You may have turkey on the brain this time of year, but this weekend we didn’t go shopping for Thanksgiving fixings. Instead, we headed to Half Moon Bay for crab.
It was a glorious day, complete with a clear blue sky and the temperature hitting nearly 70 degrees. But we weren’t here for the view. With my in-laws leading the charge, we were on a mission to buy fresh crab, right off the boat.
The mission didn’t take long at all, just a few minutes as we strolled along the docks trying to decide on the best boat. As is custom with my in-laws when it comes to cooking, they buy big. In this case, we left the dock with 15 snapping crabs.
For good measure, they also bought clams and oysters. Hey, they live in a land locked state, so they were taking full advantage of the availability of fresh seafood. Plus, we are all big fans of clam chowder, and there was a Thomas Keller recipe for clam chowder that I wanted to try. As with all Thomas Keller recipes, this one was complicated and involved many, many steps, as well as lots of butter, cream, and bacon to go with the clams.

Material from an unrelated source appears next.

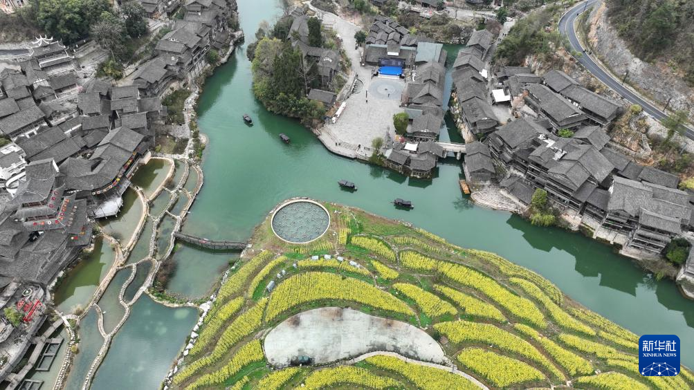 3月14日拍摄的贵州省遵义市播州区乌江寨景区一景(无人机照片)。 春日里,贵州省遵义市播州区乌江寨吸引许多游客前来游览,乐享春光。据悉,乌江寨国际旅游度假区依托恬静的山水自然环境和浓厚的黔北村寨民俗,集观光、休闲、度假、会展为一体,成为黔北旅游的一道美丽风景。 新华社记者 杨楹 摄pagebreak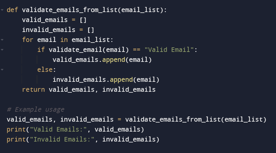 Powyższy kod kategoryzuje wiadomości e-mail na prawidłowe i nieprawidłowe listy i wyraźnie pokazuje, które wiadomości e-mail przeszły test walidacji.

And it was divine, probably some of the best clam chowder I’ve ever eaten.
The in-laws were kind enough to take care of cleaning and cooking the crab.
They cooked it two ways. Steamed and fried. While both were delicious, I’m partial to simple steaming. The girls ate with gusto, but I’m not sure what they liked more, eating it or cracking it.
We cleaned our plates, used piles and piles of napkins and paper towels, and were over-the-top stuffed from all the good eats. And yes, we still have plenty of leftovers, which will most likely be used for crab cakes tonight.